In mid-2009, South Africa ranked 61 out of 121 countries from 59th out of 118 in 2008 in the World Economic
Forum’s Global Enabling Trade Report, ahead of other emerging markets such as India (76), Brazil (87) and Russia (109). It came in third in Southern Africa, behind Mauritius (33) and Namibia (60).
Foreign direct investment and competitiveness
Investment figures for 2009-2010 are expected to be strengthened by public-sector infrastructure investment. Projections are that the World Cup could add around 0.2% to 1% to GDP. The ratio of fixed-capital investment to GDP has risen consistently over the past five years to stand at 22.5% by late 2009. Growth in real gross fixed-capital formation dropped from 16.3% in 2007 to 11.7% in 2008 and struck -4.1% in the third quarter of 2009.
SA has held on to its position as the 45th most competitive country in the 2009/10 World Economic Forum’s Global Competitiveness Index, making it the highest-ranked country in sub- Saharan Africa.
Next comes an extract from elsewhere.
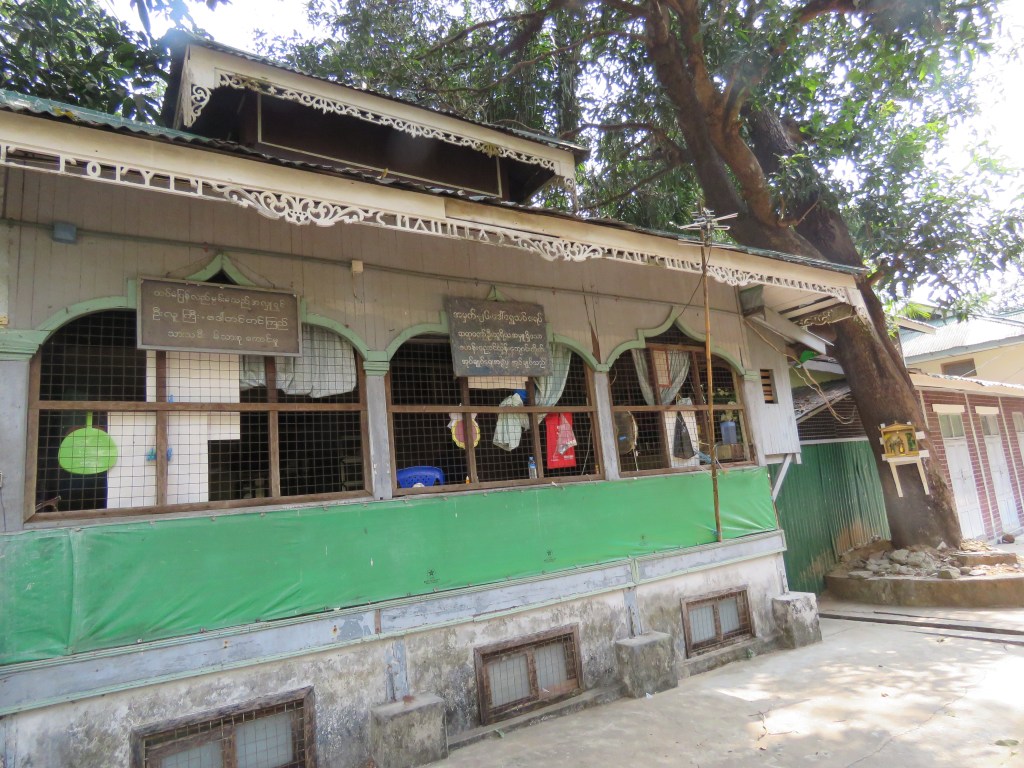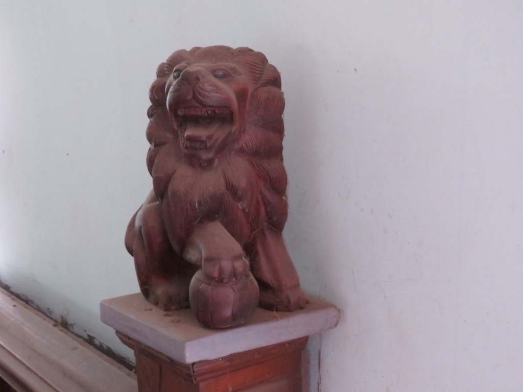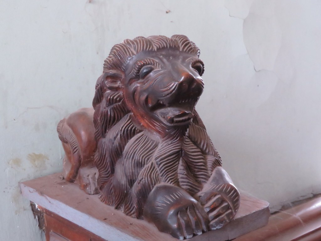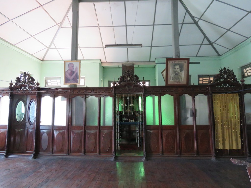 အပေါ်ထပ်မှာ အထူးခြားဆုံးကတော့ ဘုရားခန်းကို ကာထားတဲ့ သစ်သားနံံရံပေါ်က ပန်းပုလက်ရာ တွေပါပဲ။ ဝင်ပေါက်သုံးပေါက်ရဲ့ အပေါ်မှာ ခြင်္သေ့ နဲ့ မြင်း ကို သုံးပြီး Coat of Arms ပုံစံဖော် ထား တယ်။ အလယ်က ဘဲဥပုံနေရာမှာ မြန်မာအမျိုးသားကြီး တစ်ဦးထိုင်နေတဲ့ ဓာတ်ပုံကို ထည့်ထား တယ်။

The country’s reporting and auditing systems are reported to
be the second best in the world, with only Hong Kong scoring higher. SA has been rated as one of the continent’s top innovators, according to the Africa Competitiveness Report, which reviews the degree of competitiveness of Africa’s economies. Rated as being on a par with innovative countries such as India and Brazil, South Africa is credited as having high-quality scientific research institutions, strong investment in research and development, and a significant level of collaboration between business and universities in research.
With a score of 4.4 out of seven, South Africa comes in second, after Tunisia (4.4). South Africa ranks 34th in the World Bank and International Finance Corporation’s ‘Doing Business 2010: Reforming Through Difficult Times’, an annual survey of the time, cost and hassle involving in doing business in 183 economies around the world.
South Africa’s advanced financial systems helped improve the country’s
rating in the annual Index of Economic Freedom, where it was graded the 61st freest economy of 179 countries. The index, published by The Wall Street Journal and US think tank the Heritage Foundation, uses 10 benchmarks to measure the economic success of 179 countries.
South Africa has been identified as a key emerging market for global investors, moving up to fourth from eighth position in a survey conducted by the Economist Intelligence Unit for UK Trade and Investment, the British government’s international business development agency.